A bid team, like a project, is a temporary organization. It typically cuts across organizational and functional boundaries and has reporting lines in addition to team members’ normal lines of management. The Project Manager, therefore, must establish a clear functional organization and reporting structure for the project. This tells project members who is doing what and who they should go to for direction. Figure 5 is an example of a typical functional organization.
The organization of the bid team must be scaled in size and complexity according to the project’s needs. Roles can be combined to reduce organizational size, or they can be split across resources when size demands it. To support the process of effective organizational design, organizations should:
- Maintain a clear set of individual and organizational roles (see Individual and Organizational Roles for more information)
- Identify the competencies required for each role
- Provide suggested mapping of roles to jobs within the organization
The project functional organization should address all levels of management, including direction, management, and execution.
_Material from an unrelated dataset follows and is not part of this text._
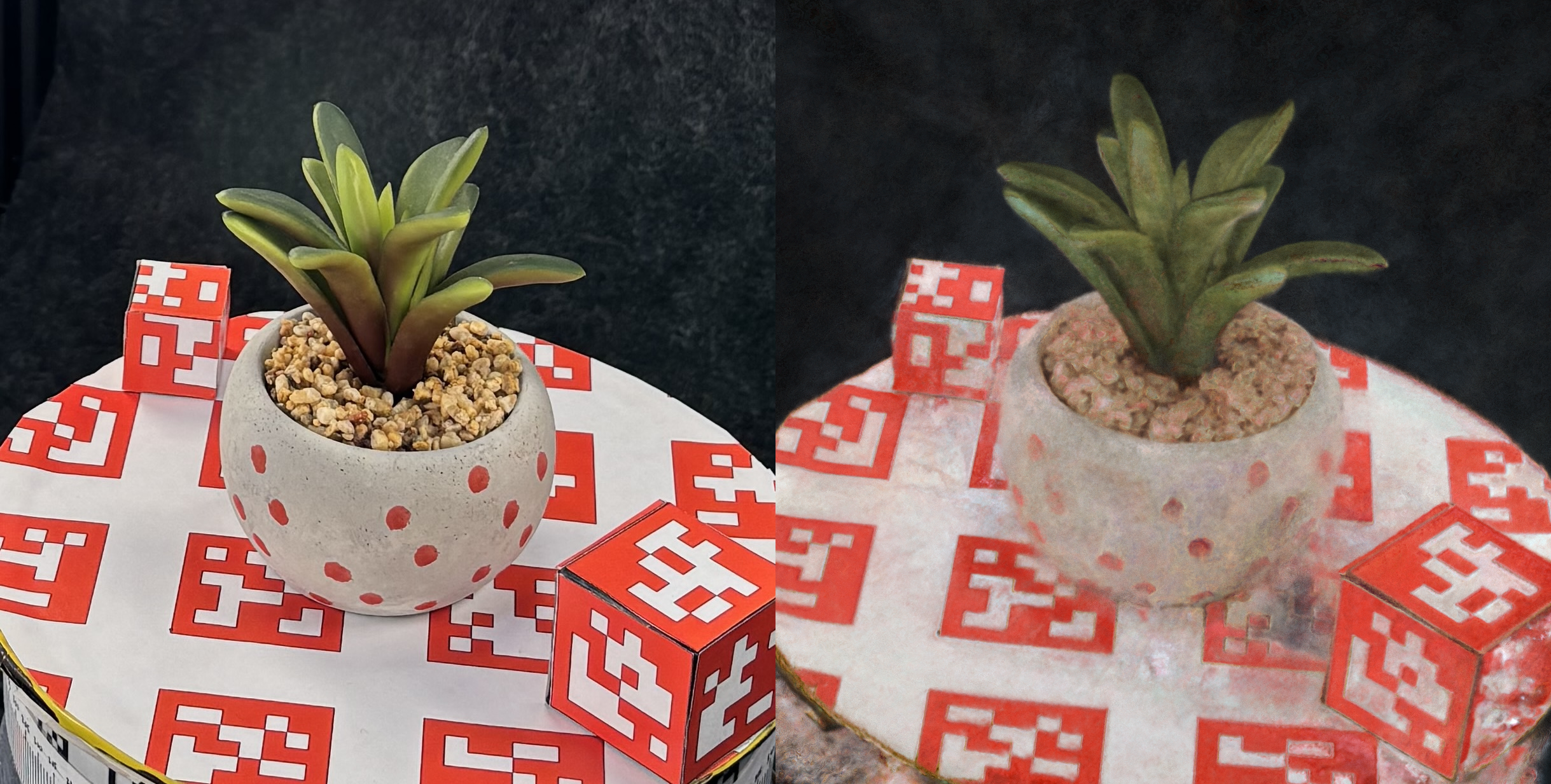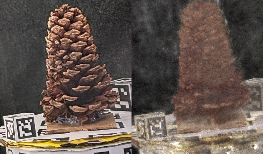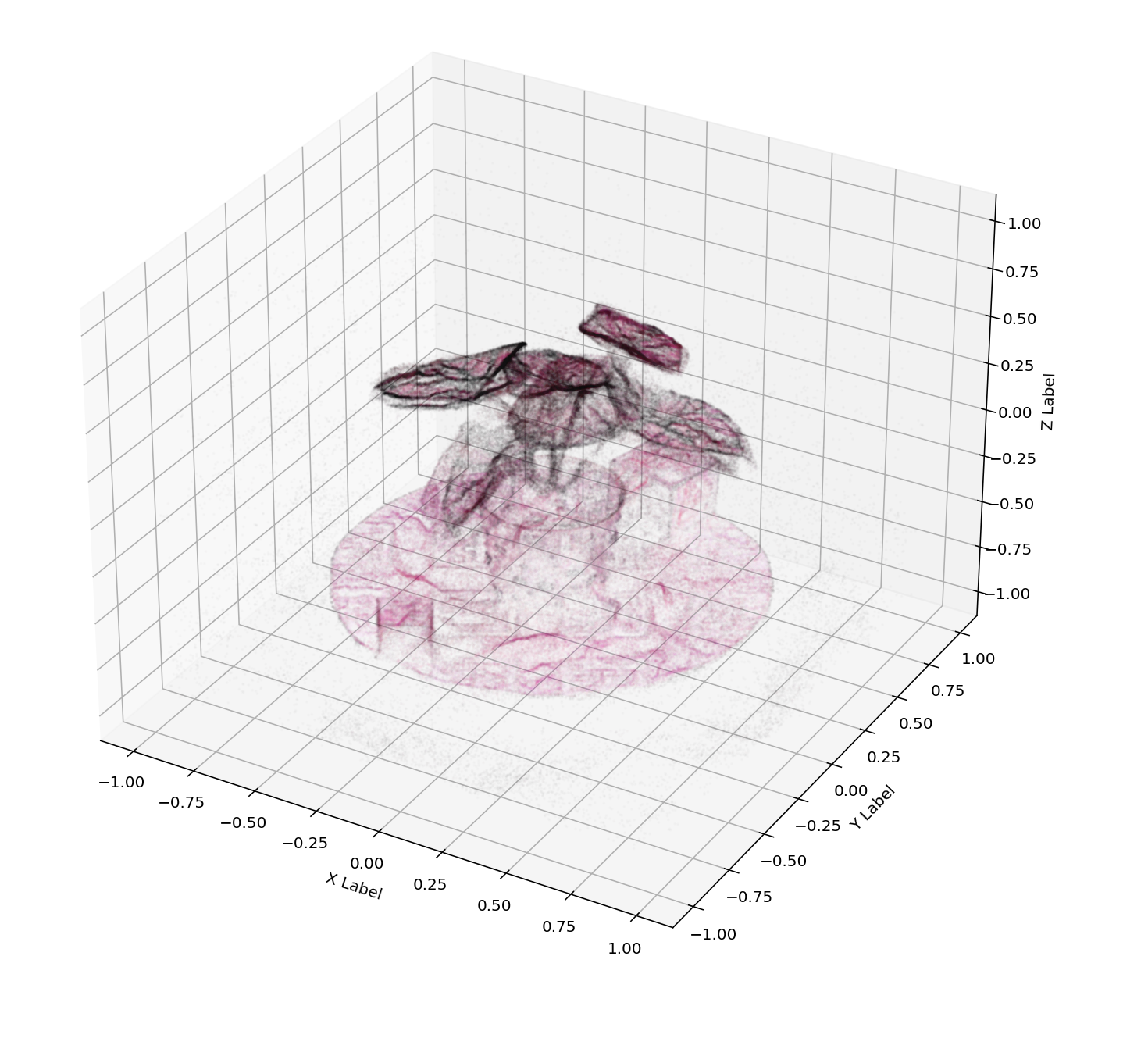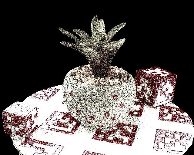 Finally, we can also export the NeRFs to point clouds to verify that their 3D structure is reasonable. Shown below are screenshots of the point clouds for Anacampseros (left) and Caladium (right)

The direction level identifies the Senior Manager or Managers who will be responsible for project oversight and funding. At this level, the focus is on setting direction and exercising governance. The Project Manager will handle day-to-day project management. The Project Manager is responsible for:
- Representing business, user, and supplier interests
- Securing project sponsorship, budget, and resources
- Authorizing project stages and plans
- Exercising governance and setting tolerances
At the management level, the Project Manager may be supported by Team Leaders who take responsibility for areas of the project under the Project Manager’s direction. The Project Manager and Team Leaders form the core team for the project. The Project Manager may also be supported by a project office that handles administrative and support functions. Leaders at this level are responsible for:
- Managing day-to-day details
- Controlling delivery and acceptance of project products
- Developing and maintaining management products (such as strategies, plans, budget, and status registers)
- Providing reporting and support functions
- Leading and directing specialist teams
- Managing work packages
At the execution level, the specialist resources and subject matter experts who develop or source the project products/deliverables. They are responsible for:
- Providing specialist knowledge and expertise
- Creating individual project products
Review the organizational structure throughout the project lifecycle
The project functional organization should be reviewed at the beginning and end of each project stage. Lifecycle points at which review is appropriate include:
- Start-up. Who should manage this?
- Initiation. What resources will we need?
- Start of a new stage. Are the resources in place to deliver?
At any stage, there can be only one Project Manager. It’s good practice to maintain team continuity throughout the project’s lifecycle. Nonetheless, organizational review should also ask, “Do we have the right management team for the next stage?” and be prepared to change as needed.
7. Empower the project team to manage within defined limits.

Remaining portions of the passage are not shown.